You rule buddy! :dude

 
Last edited:

aziltz

Member
Messages
1,539
there's supposed to be a switch inside to turn off the boost. i think i heard it from the guy that rehoused his.


Here's Diode's statement:
The newer ones come with internal switches to disable that. Pop the back off of yours to see if there are 2 tiny switches on the board.

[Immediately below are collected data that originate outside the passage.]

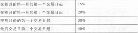 如表所示,自合約掛牌之日開始到交割月前二月的第十個交易日以前,交易所的保證金比例為9%;自交割月前二月的第十個交易日開始至交割月前一月的第一個交易日,交易所的保證金比例為10%。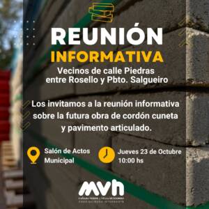 Invitamos a los vecinos y vecinas de calle Piedras, entre Rosello y Pbro. Salgueiro, a participar de la reunión informativa sobre la futura obra de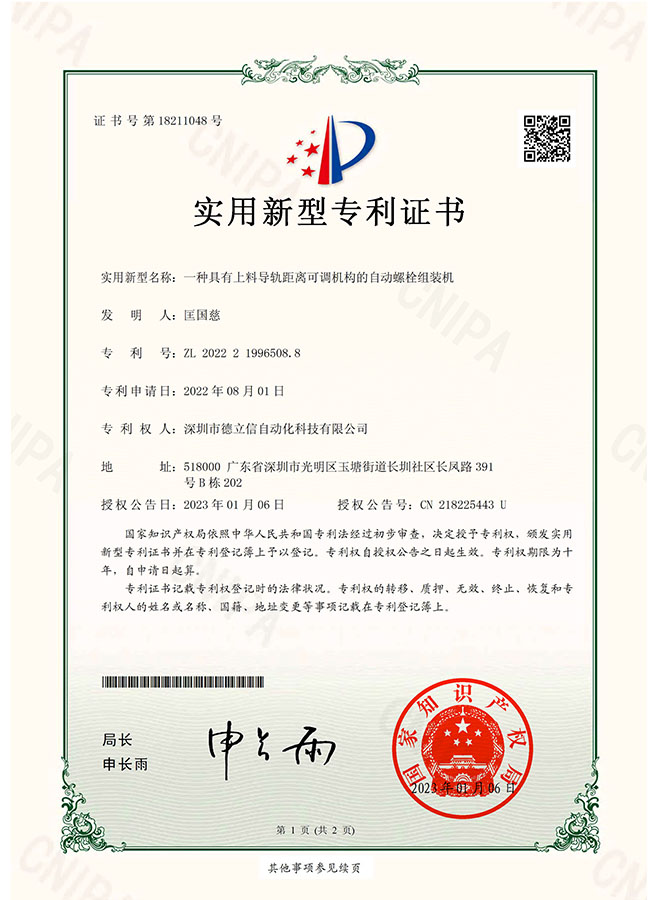 An automatic bolt assembly machine with a distance adjustable mechanism for feeding guide rail...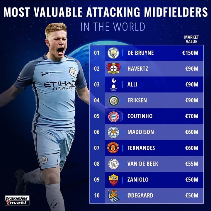 Самым высокооплачиваемым игроком в мире является бельгийский полузащитник Кевин де Брюйне, который, как сообщается, зарабатывает 483 032 доллара в неделю (20,8 миллиона долларов). Это делает его лучшим в лиге, превосходящим Холанда и Джека Грилиша.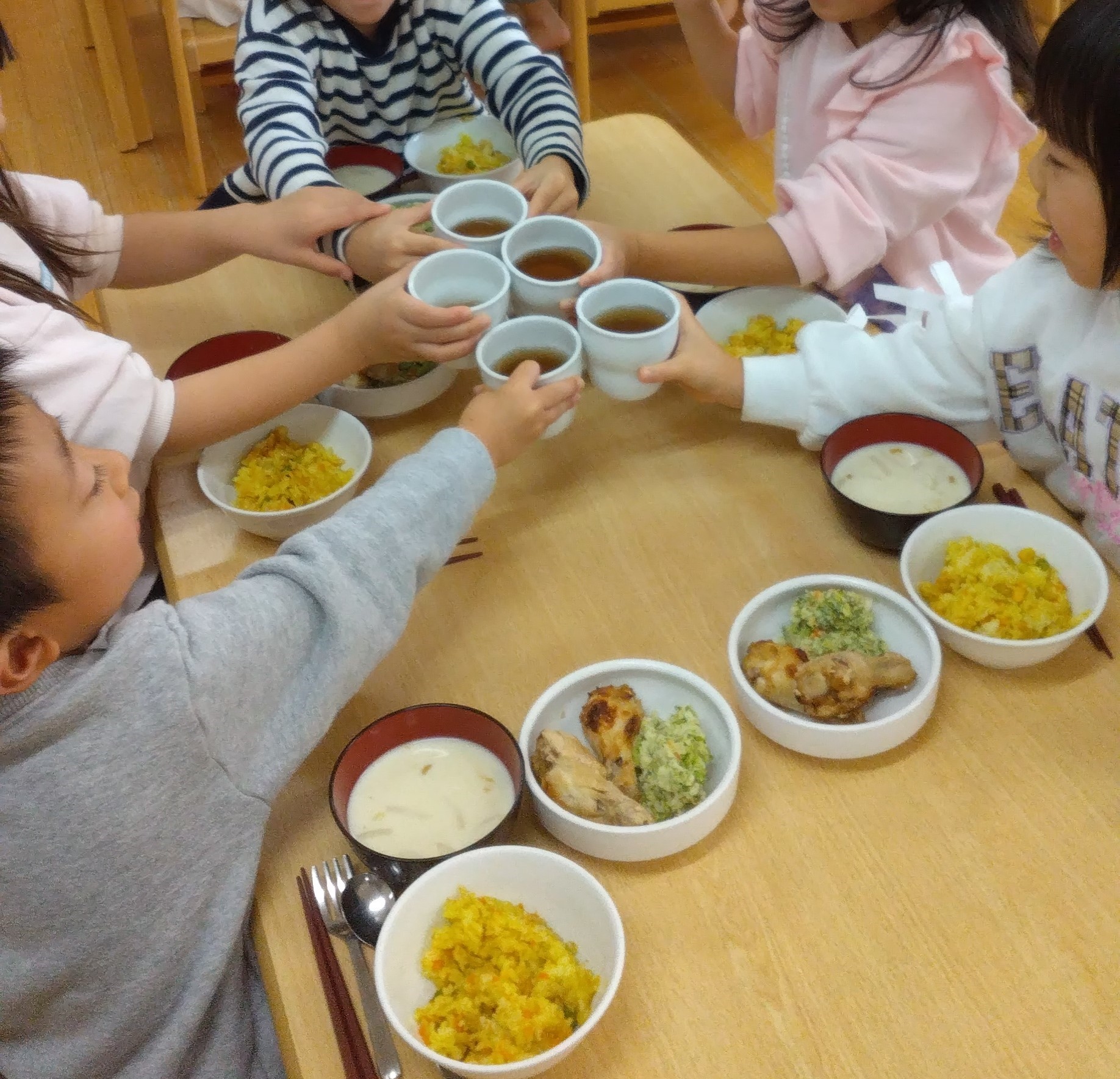 給食職員みんなで、子どもたちや職員の笑顔のために腕を振るってくれました。

Mine doesn't have them but I've gotten used to the boost and now I like it.
I'm not sure if he means the base or the module.
 

rawkguitarist

Member
Messages
11,059
there's supposed to be a switch inside to turn off the boost. i think i heard it from the guy that rehoused his.


Here's Diode's statement:


I'm not sure if he means the base or the module.
Yeah, I read that too. But I was an early adopter. I think mine might even be from the very first batch. And this option was only on the later pedals. Also, it actually sounds better not running my dry signal through ADA conversion.
 

diode

Member
Messages
36
Yeah, I read that too. But I was an early adopter. I think mine might even be from the very first batch. And this option was only on the later pedals. Also, it actually sounds better not running my dry signal through ADA conversion.
Switches are on the dock. If you pop open the bottom of the pedal you'll see them on newer tonecores. I'm not sure if Line6 tells people this and if not...why not? The switches only reduce analog gain (bring it down to unity) when the effect is enabled. This doesn't cause you to go through an A/D conversion in bypass.

Looks like this is the solution for ya...sorry, time to put that old dock on ebay and pick up a new one. On a side note, I saw a blowout echo park for sale at a local guitar center for $69 yesterday.